Campbell was anticipating a delicious blend of authentic french food and pub fare at the Almanac, a new gastro pub and live music venue on Whyte Avenue, but said the menu, from executive chef Alysha Couture, was a letdown.
Instead of soothing her palate with delicious flavours, the meal left Campbell with a sharpened tongue.
"Everything looked good, I have to give them that, but most items we tried were completely devoid of flavour."
Campbell's distaste for the Almanac started with lunch; a bland burger, watery vegetable soup, a chicken pesto sandwich drowning in an overabundance of cheese, accompanied by "flaccid" fries.
Despite the bad first experience, Campbell returned a month later, hoping the restaurant's failures were little more than growing pains. But she said Almanac failed to redeem itself.
A limp and "lifeless" salad smothered a greasy onion tart; grease, again, was the culprit with the overcooked popcorn chicken.
'I think someone may have forgotten about them in the deep fryer," said Campbell. "They did take those off the bill."
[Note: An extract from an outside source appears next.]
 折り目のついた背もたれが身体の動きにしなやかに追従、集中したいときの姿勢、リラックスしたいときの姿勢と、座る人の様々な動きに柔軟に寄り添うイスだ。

After nibbling away at the uninspiring first course, Campbell was served what she describes as a pork belly disaster.
"It was very disappointing," said Campbell. "What is the kitchen thinking?"
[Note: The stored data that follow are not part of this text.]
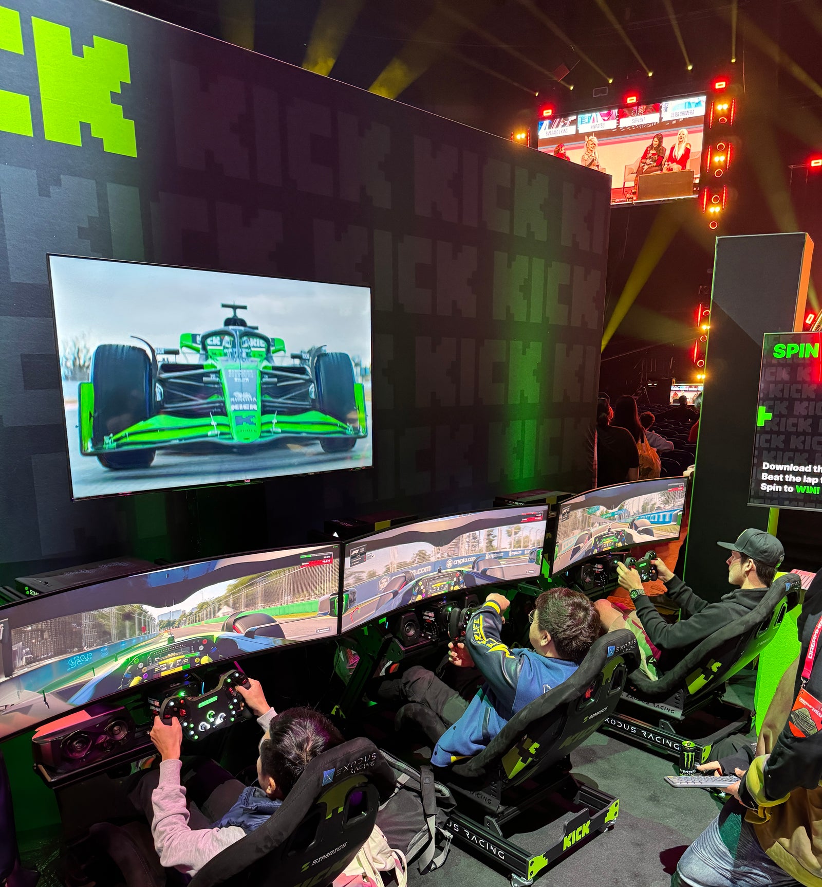 We supplied three racing simulators for the Kick booth at DreamHack, giving attendees a chance to jump in and experience sim racing firsthand. It was a great way to introduce more people to the world of competitive virtual motorsport in an interactive and engaging setup. Throughout the event, competitions were held for the fastest lap times, adding an extra layer of excitement and friendly rivalry among participants.
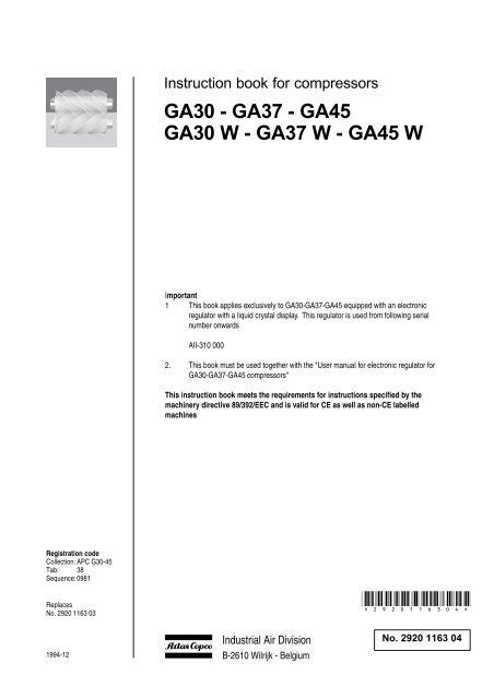 Download ATLAS COPCO GA 37 SERVICE MANUAL Library Binding ManyBooks
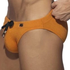 Slip de bain bikini taille basse en microfibre texturée légÚrement brillante. SystÚme Pack Up intégré avec mousse amovible pour plus de volume frontal. Poche frontale moulée sans couture pour un confort optimal. Ceinture élastique avec cordon de serrage de couleur contrastée. Logo Addicted en silicone sur la hanche gauche.
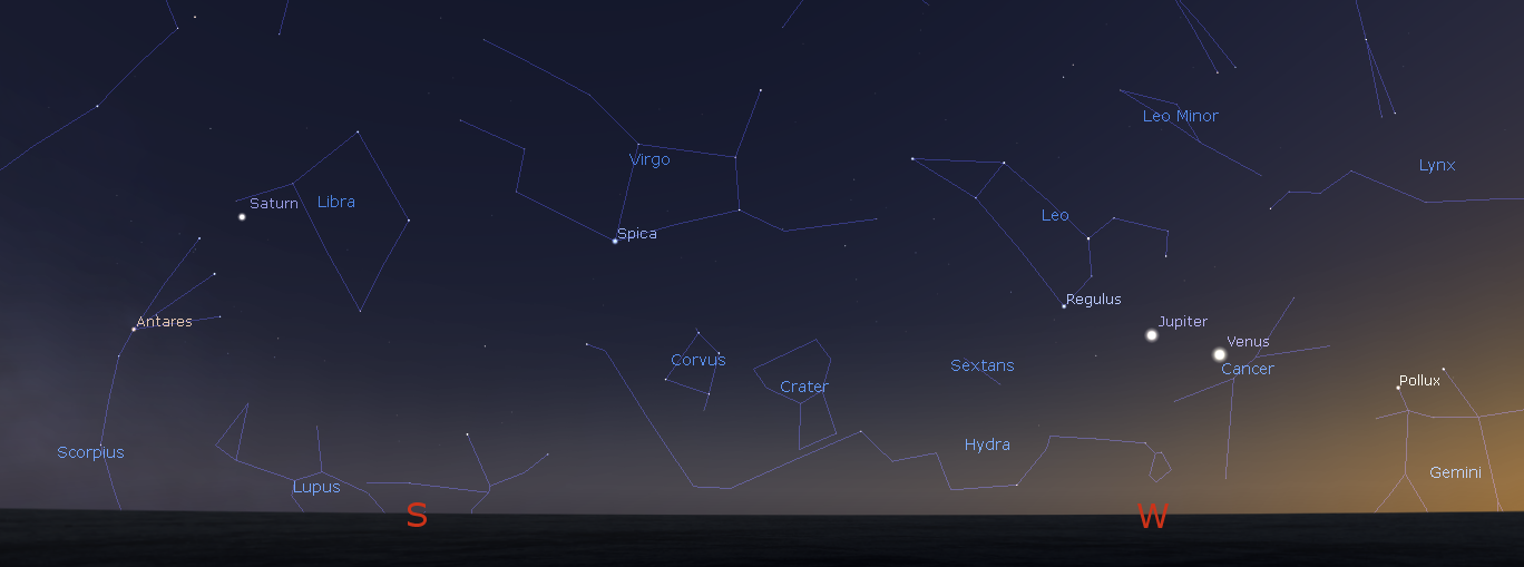 Lets take a look at the bright planets for this week. Our brilliant evening star Venus is in the west by 9:45 p.m. It will set at 12:19 a.m. Venus’ will slide down to the Sun faster and faster in the coming weeks. It will take a bit less than 2 months. Jupiter will appear western sky to the left of and slightly above Venus at about 10 p.m. It will set at 12:34 a.m. It seems to approach Venus, and now appears about 8 degrees away. That’s somewhat less than the width of your fist held at arm’s length. They will cross paths in 13 days, on the 30th. Saturn is in the southeast in evening twilight. It will pass due south at 11:51 p.m. and will set at 4:39 a.m. Check out Saturn’s rings in any small telescope.
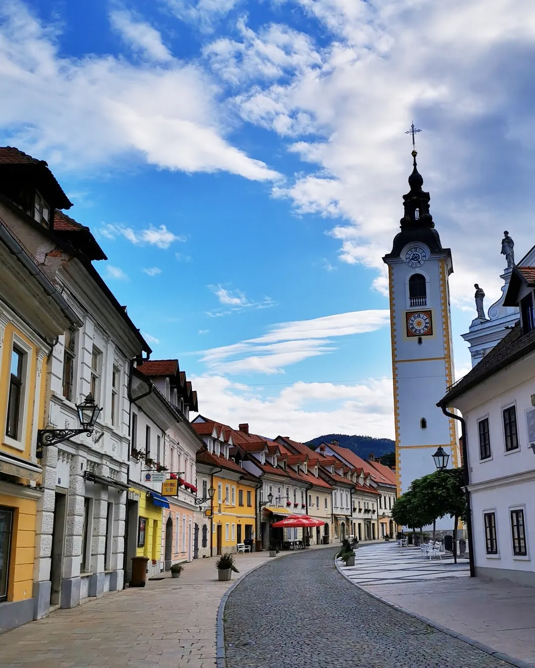 Fairytale town square with historic bell tower
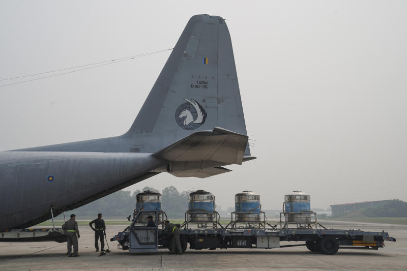 Tanks containing a solution of water and salt are loaded into a military plane at Subang Military Airbase on Sept 19, 2019, as part of a cloud-seeding operation to induce rain to ease the haze problem.
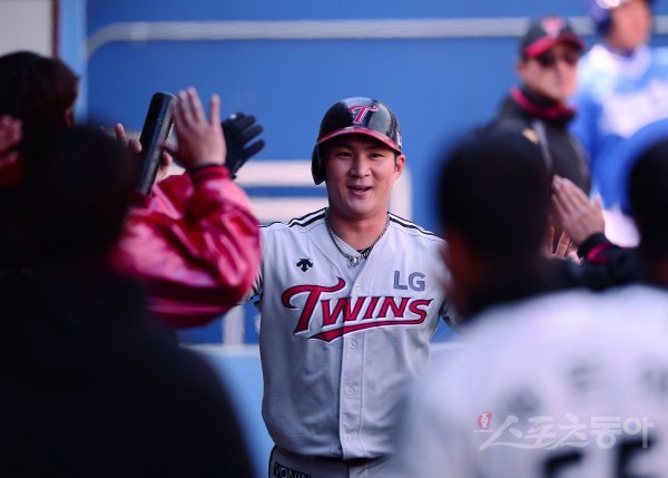 17일 대구 삼성라이온즈파크에서 ‘2017 타이어뱅크 KBO리그’ 시범경기 삼성 라이온즈와 LG 트윈스의 경기가 열렸다. 5회초 2사 1,3루에서 LG 오지환이 히메네스의 적시타 상황에서 홈을 밟은 후 더그아웃에서 동료들의 축하를 받고 있다.
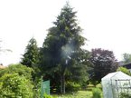 Übrig geblieben ist nur noch die Spitze von der Fichte und jede Menge Zapfen, welche auch noch zusammen geharkt werden müssen, um dann auch auf dem Komposthaufen zu gutem Humus verarbeitet zu werden.
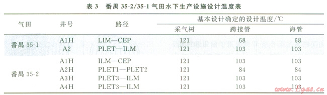 在基本設計過程中,對番禺35-2/35-1水下生產(chǎn)設施設計溫度確認(表3)。在詳細設計中,溫度的調(diào)整會導致水下設備(包括各類球閥和閘閥、水下連接器、水下管匯和水下采氣樹)及水下管線(生產(chǎn)管線和跨接管)設計的調(diào)整,不但影響項目后期的進度和費用,也會限制生產(chǎn)井的產(chǎn)能,從而不能按照預定配產(chǎn)進行生產(chǎn)。

The only saving grace for Almanac, according to Campbell, was their delicious, inexpensive cocktail list, and relatively cheap selection of draft beer.
"Right now it's the drinks that are going to save this place."
In order for the Almanac to survive in Edmonton's competitive food market, Campbell says management needs to take a much closer look at what's coming out of the kitchen.
"These are lovely people, with nice ideas and good intentions, but it's just not translating to the plate."
Campbell's advice? Go for a drink, stay for the live music, but skip the food.